09 Apr Hypatia of Alexandria and her Death
Hypatia of Alexandria, who is considered to be the first woman mathematician, was also the first woman to make substantial contribution to the development of mathematics. She was the daughter of the mathematician Theon, the last Professor at the University of Alexandria.
There is no evidence that Hypatia undertook original mathematical research. However she assisted her father Theon of Alexandria in writing his eleven part commentary on Ptolemy's Almagest. It is thought that she also assisted her father in producing a new version of Euclid's Elements which has become the basis for all later editions of Euclid.
All Hypatia's work is lost except for its titles and some references to it. However no purely philosophical work is known and we only know of her work in mathematics and astronomy. She was an excellent compiler, editor, and preserver of earlier mathematical works and is described by all commentators as a charismatic teacher.
Hypatia came to symbolize learning and science which the early Christians identified with paganism and it was enough for Christian fanatics of Alexandria to antagonize her. She was also seen as a 'stumbling block' to the acceptance the 'truth' of Christianity. She, with her knowledge, expertise, charisma and knack of making difficult mathematical and philosophical concepts understandable to her students, encouraged them to think and ask questions which contradicted the teachings of church.
She became victim of the crossfire between Orestes and Cyril who spearheaded conflicts between Christians and non-Christians of Alexandria. In 412 Cyril, (later St Cyril) became patriarch of Alexandria. However, the Roman prefect of Alexandria was Orestes (a pagan). Cyril and Orestes became bitter political rivals as the church and the state fought for control. Hypatia was a friend of Orestes and this, together with prejudice against her philosophical views which were seen by Christians to be pagan, led to Hypatia becoming the focal point of riots between Christians and non-Christians.

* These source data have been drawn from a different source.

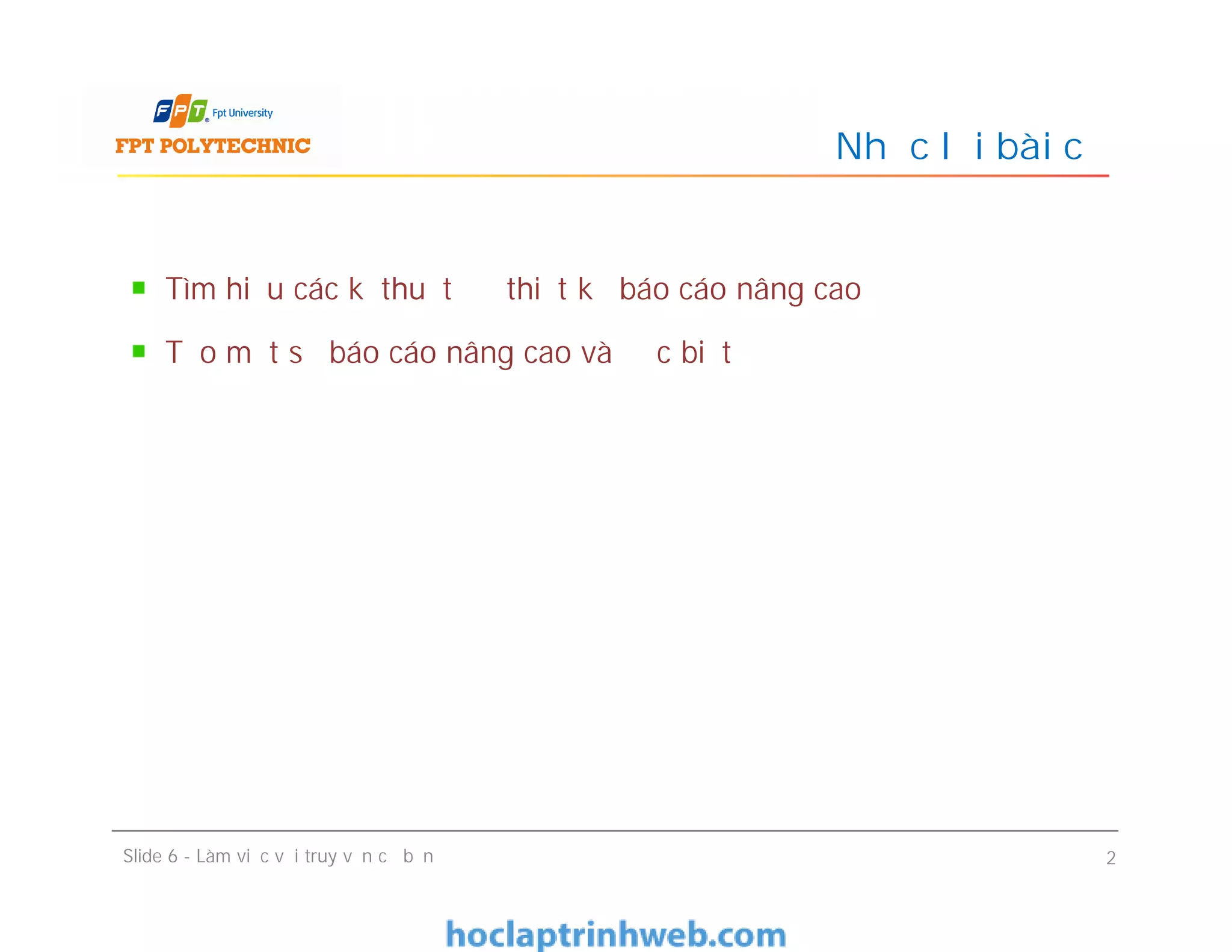 Tài liệu hướng dẫn về cách tạo và thực hiện truy vấn trong cơ sở dữ liệu, bao gồm việc sử dụng công cụ query design và query wizard. Nó trình bày các loại truy vấn như truy vấn đơn giản, crosstab, tìm bản ghi trùng và duy nhất, cùng với cách xây dựng biểu thức tiêu chuẩn. Cuối cùng, tài liệu nhấn mạnh quy trình trích xuất và lựa chọn dữ liệu từ các bảng kết hợp các tiêu chuẩn đã định nghĩa.
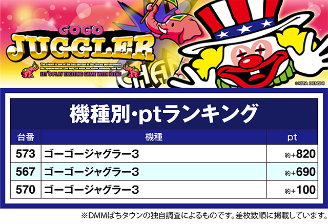 「ゴーゴージャグラー3」は、3台がプラスを記録。
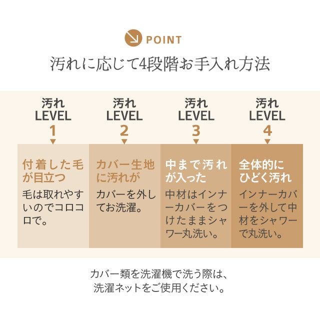 洗濯 | カバー:洗濯機洗い可能(※洗濯ネットをご使用ください。) 底材:シャワーで手軽に洗えます。 |
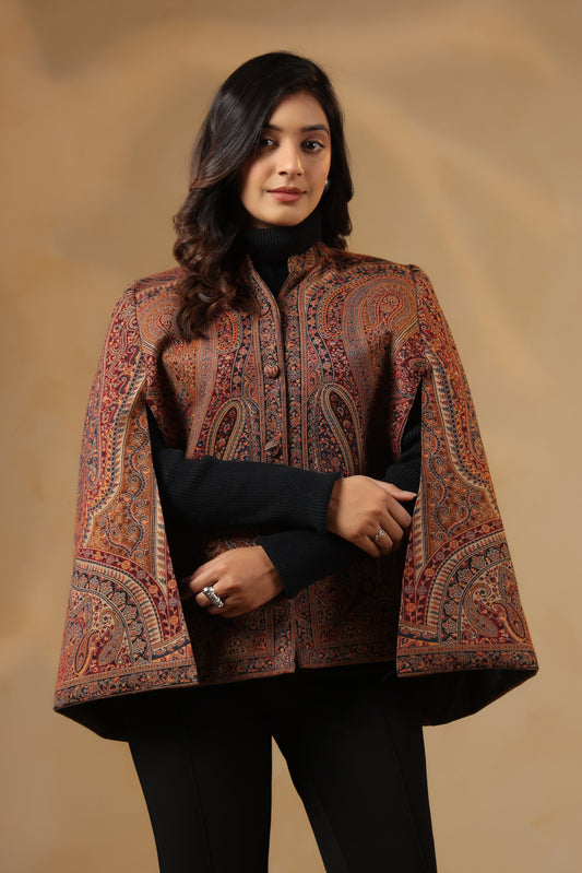 Woven Jamawar Designer Luxury Cape Jacket for Women | Multicolor
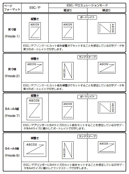 「×」印になっているページフォーマットと用紙サイズの組み合わせでは、印字不可能または印字データが欠落する場合があります。
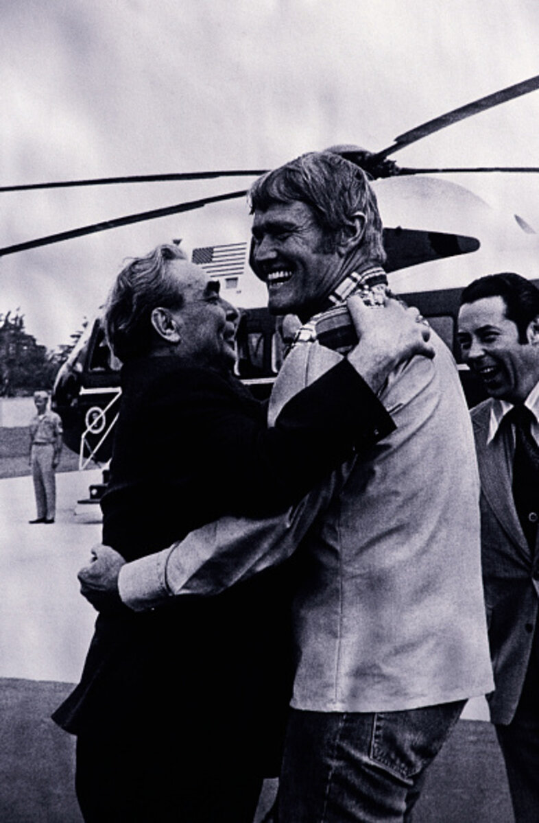 Когда Брежнев уже шел к самолету по лужайке, он увидел в толпе провожавших Коннорса (учитывая рост актера, заметить его было несложно). Поддавшись чувствам, Брежнев стремительно пересек лужайку и буквально кинулся в объятия любимого «ковбоя». Очевидцы вспоминают, что Коннорс даже приподнял Брежнева.
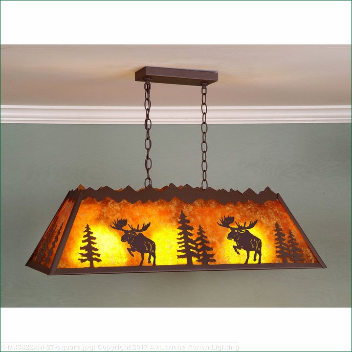 The Rocky Mtn Small Billiard Light - Alaska Moose is a 15in. by 36in. rectangular frame that features our exclusive moose and spruce tree metal artwork on all four panels. With three downlights, this fixture will provide excellent light for a small billiard table, island eating area, or other similar locations. Each downlight has a white, matte glass shade covering the bulb. For the shade material around the outside, choose between Almond or Amber mica. Included is a rectangular ceiling canopy in a matching finish, an extra 10 feet of wire, and 6 feet of chain (for a 3 foot drop). While the fixture is shown at a 26in. height, it can be shortened, or dropped lower if you purchase additional chain. Hardwire is standard. This light will bring rustic lighting to any log home, cabin, or northwood billiard room.

She was murdered in 415 CE by a Christian mob who attacked her on the streets of Alexandria. On her way home from delivering her daily lectures at the university, Hypatia was attacked by a mob of Christian monks, dragged from her chariot down the street into a church, and was there stripped naked, beaten to death, and burned. She was also severely tortured by scraping off her skin with clamshells (some say roofing tiles). Even those Christian writers who were hostile to her and claimed she was a witch, portray her as a woman who was widely known for her generosity, love of learning, and expertise in teaching in the subjects of Neo-Platonism, mathematics, science, and philosophy in general.
What certainly seems indisputable is that she was murdered by Christians who felt threatened by her scholarship, learning, and depth of scientific knowledge.
Whatever the precise motivation for the murder, the departure soon afterward of many scholars marked the beginning of the decline of Alexandria as a major center of ancient learning.
MORAL OF THE STORY: If you teach math, do not get involved with religious fanatics.